The Triumph Super 9 was a British motorcar model, first introduced by the Triumph Motor Company in 1931 at a price of £185. It continued through into 1933. It had an RAC rating of 8.9 hp.

The Super 9's were the first Triumphs to use 12-volt electrics (early Southern Cross's still used 6-volt for a short period) and the first to be fitted with a Coventry Climax engine, which was made under licence by Triumph. Two 6-volt batteries were housed under the rear passenger floor, while the prototype had a single 12-volt battery on the bulk head. Many of the chassis and transmission components were left overs from the Super 7's and 8's.

==Engine==
The Coventry Climax engines are of the IOE configuration, with a bore of 60 mm and a stroke of 90 mm, giving 1018 cc. Generally a Solex side-draught carburettor was fitted. During 1931 the rear of the engine was supported on a 3/16-inch steel plate spanning across the chassis, consequently the gearbox bell housing was deep and with the starter alongside. Later cars had a cast-iron flywheel housing and a much shallower bell housing, the starter was then repositioned alongside the engine. This arrangement was used on later Super 9s & 10's and on Glorias. The cooling water is circulated by thermal syphon aided by the sloping shape of the aluminium water manifold on the head. The dynamo is driven by a Duplex chain with the distributor mounted at the rear end of the dynamo. A top speed of 60 mph was obtainable with a cruising speed of 45 mph. Petrol consumption in the region of 35 mpg for a car weighing 19 cwt. unladen.

==Steering==
Steering is by worm and wheel, the drop shaft attached to the wheel is on three keyways so it can be turned through 120 degrees to compensate for wear. Adjustment is provided for engagement of the worm to the wheel.

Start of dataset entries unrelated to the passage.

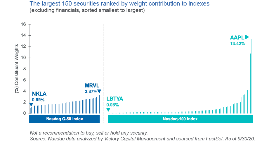 The chart above illustrates the point by depicting the 150 largest non-financial securities, ranked by market cap, listed on the Nasdaq Exchange. The largest 100 of these are in the Nasdaq-100® Index, and the next 50 largest are in the Nasdaq-Q50® Index. Both share an identical cap-weighting methodology and aim to offer exposure to some of the finest—and most disruptive—companies trading on the Nasdaq Exchange.
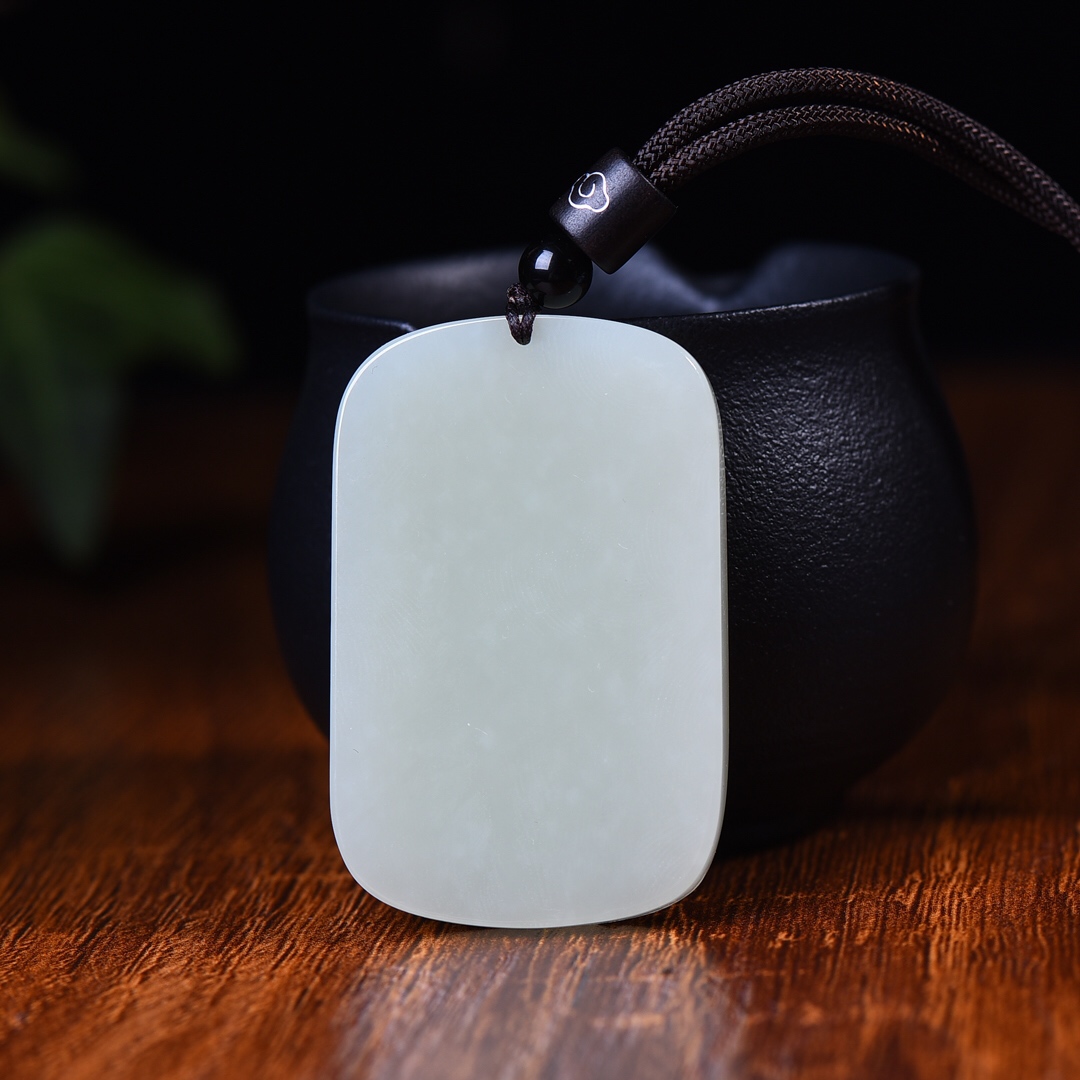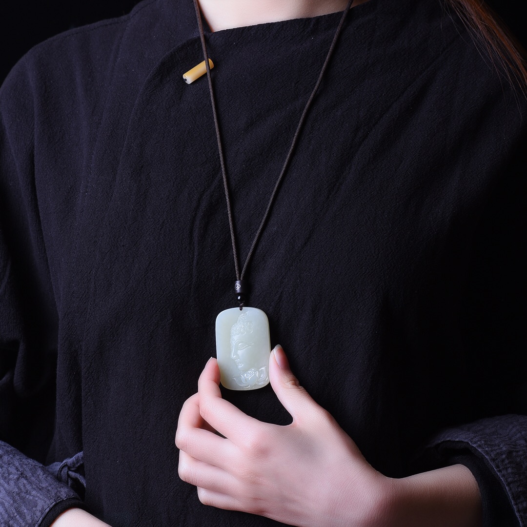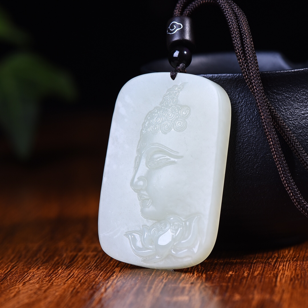 新疆和田玉羊脂玉白玉青白玉侧面佛祖平安牌吊坠男女挂件玉坠玉佩
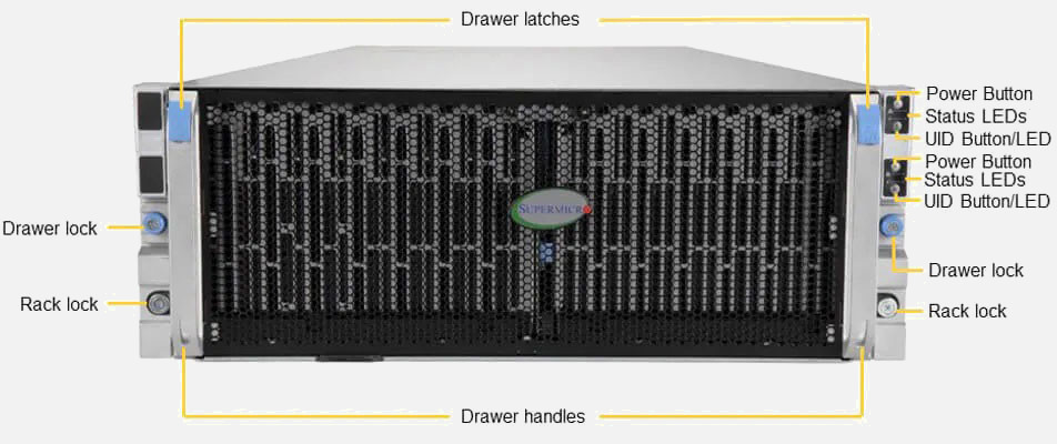 The Supermicro Storage SuperServer 640SP-DE2CR90 | SSG-640SP-DE2CR90 features hot-swap hard drives, giving you more flexibility and allowing you to remove drives without having to shut down the system.
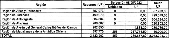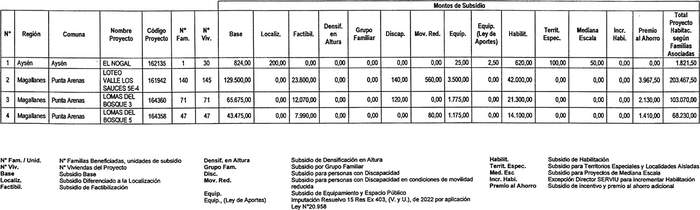 4. Los recursos comprometidos en el resuelvo 2. de la presente resolución, para los proyectos seleccionados en el llamado realizado mediante la resolución exenta N° 403 (V. y U.), de 2022, cuyo cierre de postulación se efectuó el día 5 de mayo de 2022, se señalan en el siguiente cuadro, incluyendo la suma total de familias beneficiadas y las Unidades de Fomento comprometidas, considerando los montos de subsidio de los proyectos, incluidos sus respectivos servicios de asistencia técnica y fiscalización técnica de obras para cada región del país:
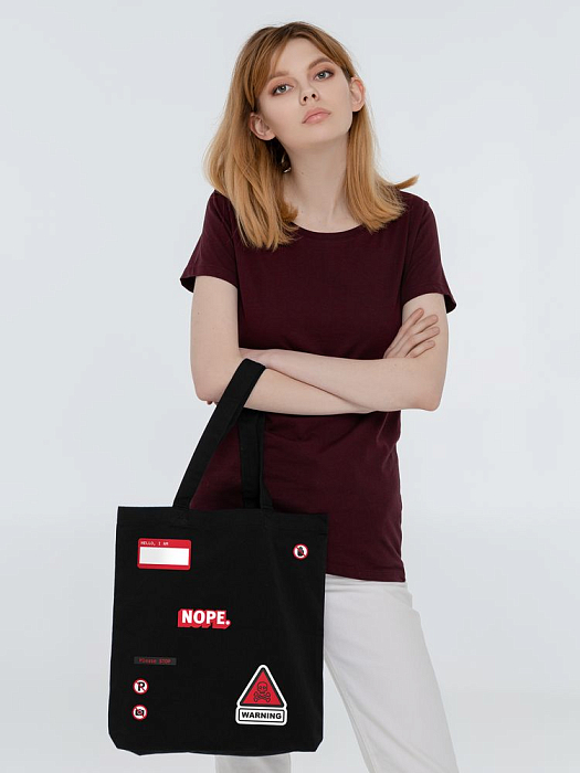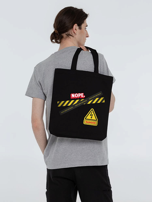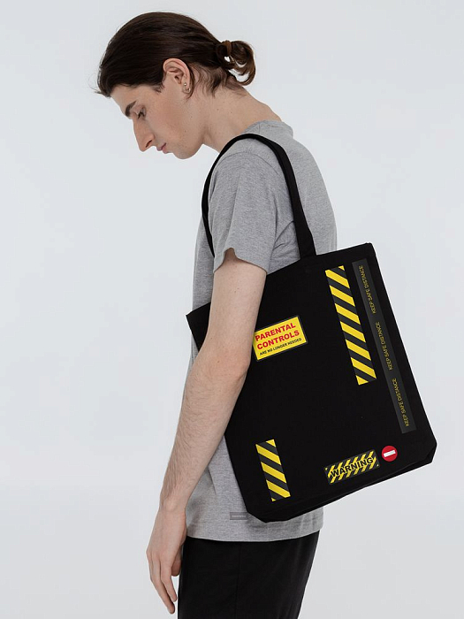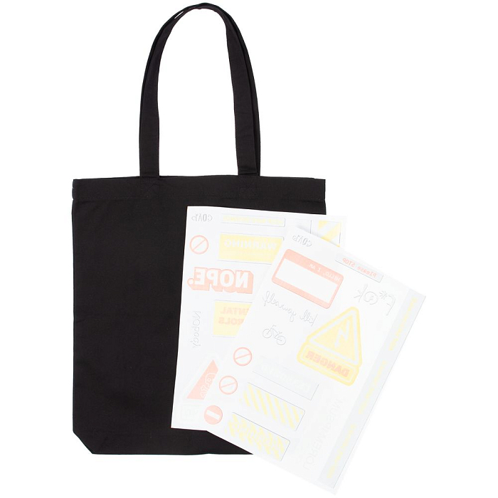 Холщовая сумка с термонаклейками Cautions, черная
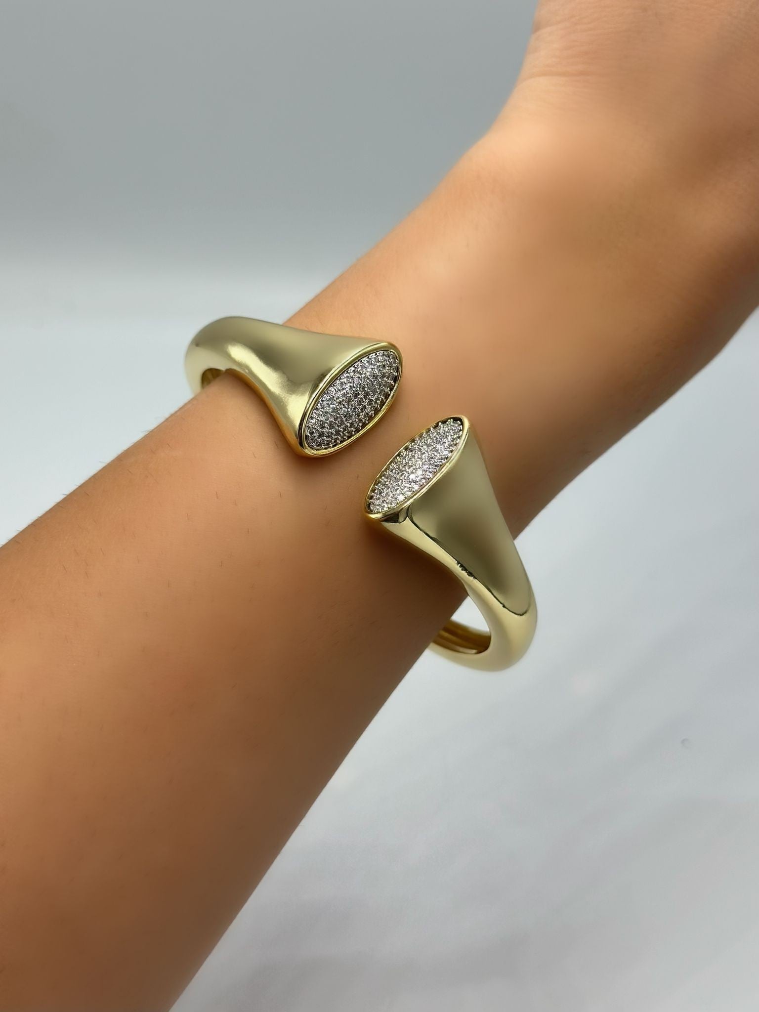 14K Altın Kaplama ve Zirkon Taş Detaylı Tsarım Gold Kelepçe Bileklik
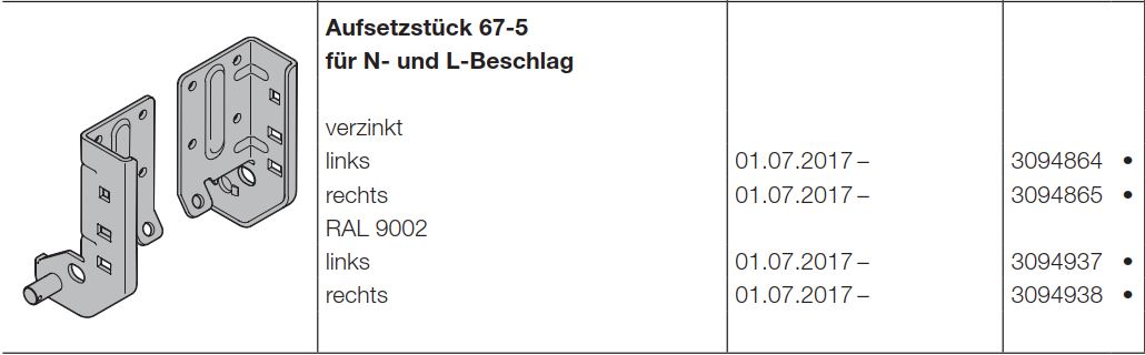 Hörmann Aufsetzstück 67-5, LPU 67 Thermo, für N- und L- Beschlag verzinkt, DIN rechts
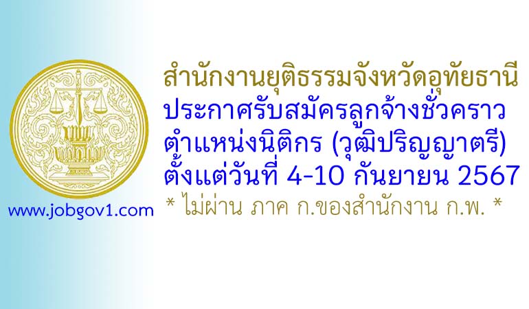 ประกาศสำนักงานยุติธรรมจังหวัดอุทัยธานี เรื่อง รับสมัครสอบคัดเลือกเพื่อจัดจ้างบุคคลเข้าปฏิบัติงานเป็นลูกจ้างชั่วคราว ตำแหน่งนิติกร

==Transmission and suspension==
Transmission is through a single 8 1/4-inch clutch plate along with a 4-speed-and-reverse gear box. The hand brake operated a transmission brake attached to the rear end of the gear box. A conventional Hardy Spicer prop shaft connected it to the axle. The rear axle is a worm and wheel with underslung worm, making for a low floor. Ratios 5.25, 5.75, 6.25/1. The brakes are Lockheed hydraulic acting on 9 1/2-inch drums with one leading and one trailing shoe on all 4 wheels. The petrol tank is at the rear, unlike Super 7's which had a gravity tank. Fuel was pumped either by Autovac or SU Petrolift.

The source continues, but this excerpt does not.